In the past three years of working in a high-needs school, with the added pressure to succeed on provincial assessments ‘by any means possible’, I have found myself so physically, mentally and emotionally exhausted from trying to meet the needs of ALL students in my classroom, which usually spans at least 3 or 4 grade levels even if it is a straight class.
I have put my head down on my desk after the last bus has gone and on several occasions I fell asleep like that. Most days I needed about 2-3 hours to get a second wind and have something decent to eat because recess, lunch and prep times are spent in formal or informal meetings or dealing with student emotions or behaviours. Usually 2-4 nights a week (sometimes including weekends) I would go back to school for 2-3 more hours to plan and prep for the coming day(s). It was easier to go back to school instead of trying to haul home everything I might need, plus there is no photocopier at home.
And still, almost every day, I would wonder what I could do better or more of; what resource could I find somewhere that would help me … And so on. I know many colleagues who put the same time and effort into providing the best lessons, resources and activities that will engage and motivate and challenge our students … Whether the extra time is spent at school or at home matters little, the point is the hours are rarely by choice anymore because what needs to get done in the run of a day at school far exceeds the regular school day.

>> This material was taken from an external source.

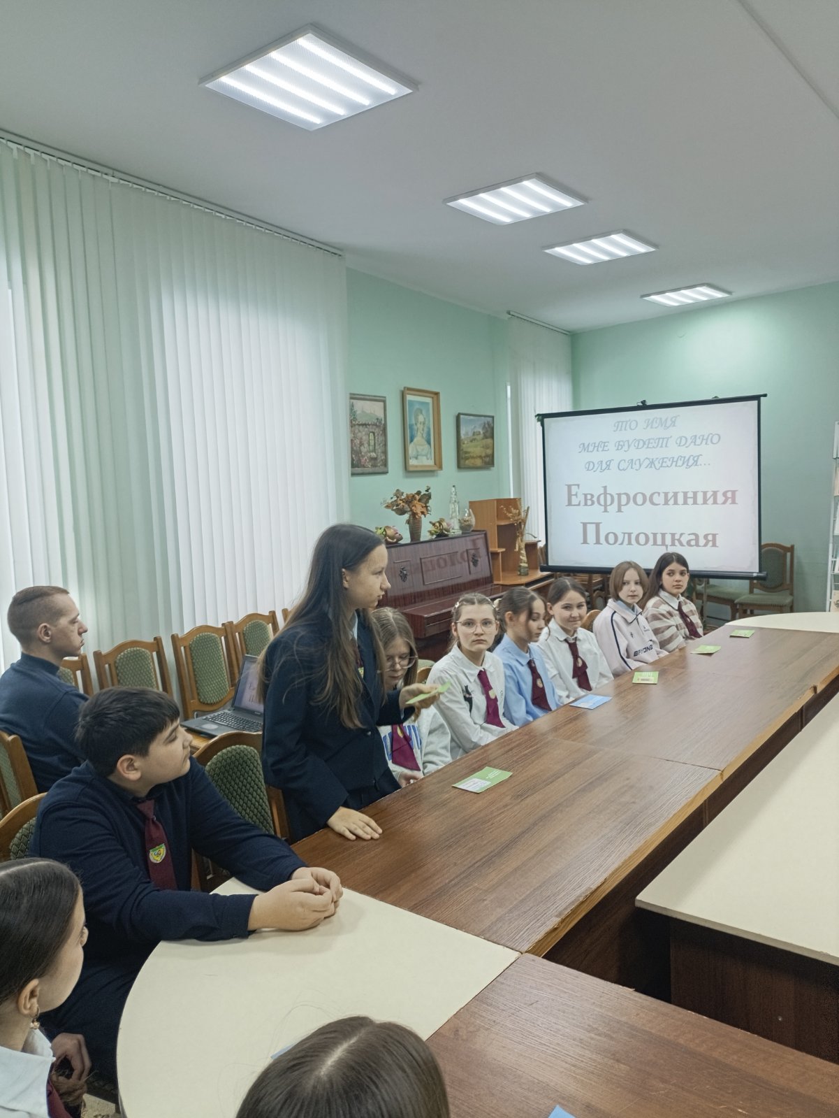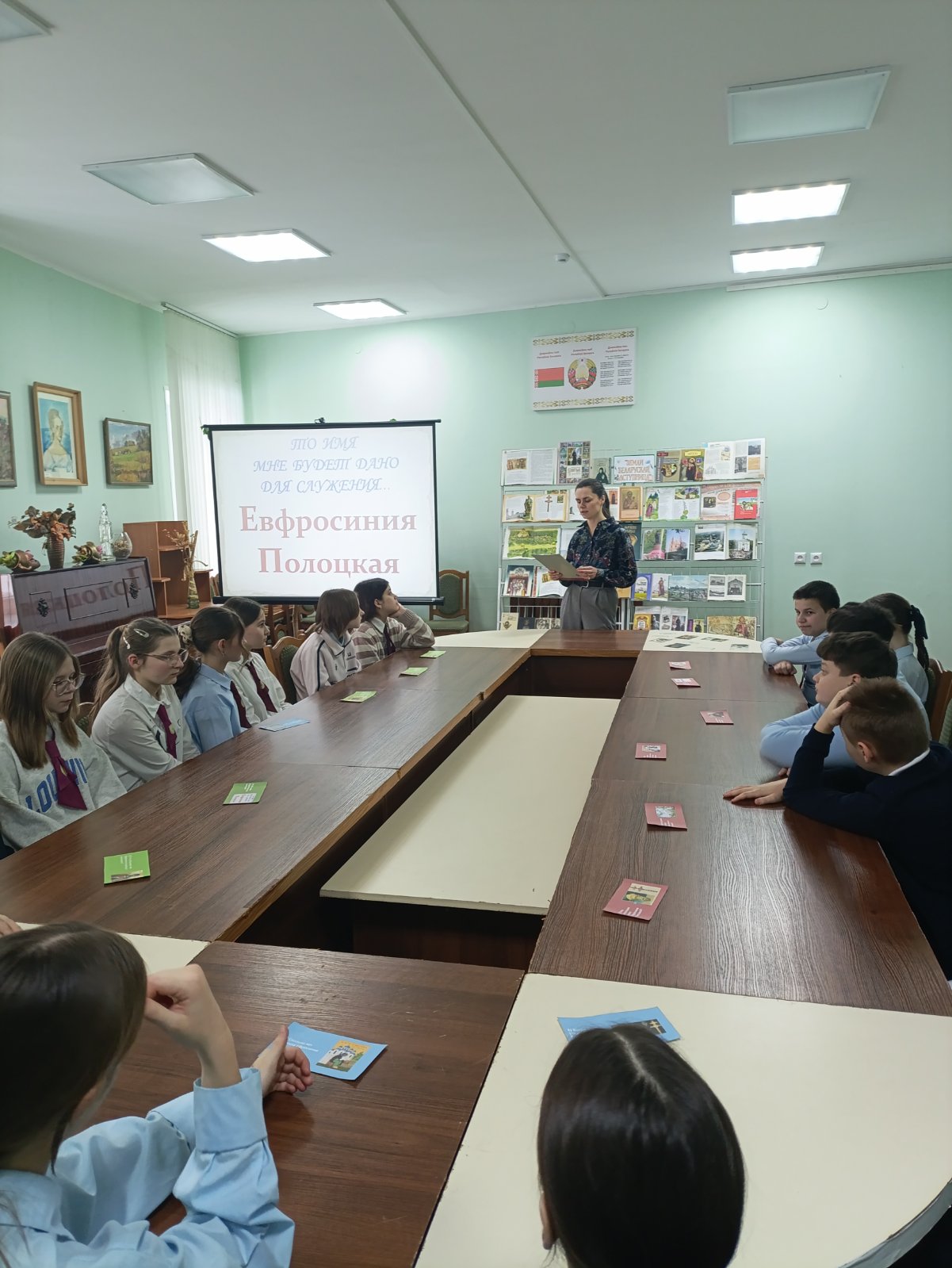 Сегодняшний урок истории «Заступница земли белорусской», посвященный Ефросиньи Полоцкой, посетили ребята из 6 «А» класса СШ№3. Началось мероприятие с беседы о значении личности Евфросинии, святой покровительницы и небесной заступницы белорусской земли. Особое внимание было обращено на духовное наследие святой, её просветительскую деятельность. В завершении мероприятия ребята совершили виртуальное путешествие к памятникам в честь Евфросинии Полоцкой, увидели изображение храмов, которые носят ее имя, познакомились с произведениями, посвященными светлому образу просветительницы.

Everyone in this scenario is losing out – our families because we take time away from them for school work and activities, ourselves because we are running on empty most of the time and are probably our own worst critics, and finally our students who are not having their emotional, mental and academic needs met to the degree that they should be. I wanted to be a teacher my whole life, because I wanted the work that I did to make a difference to my community by helping prepare tomorrow’s citizens for the world they will be soon living in as adults.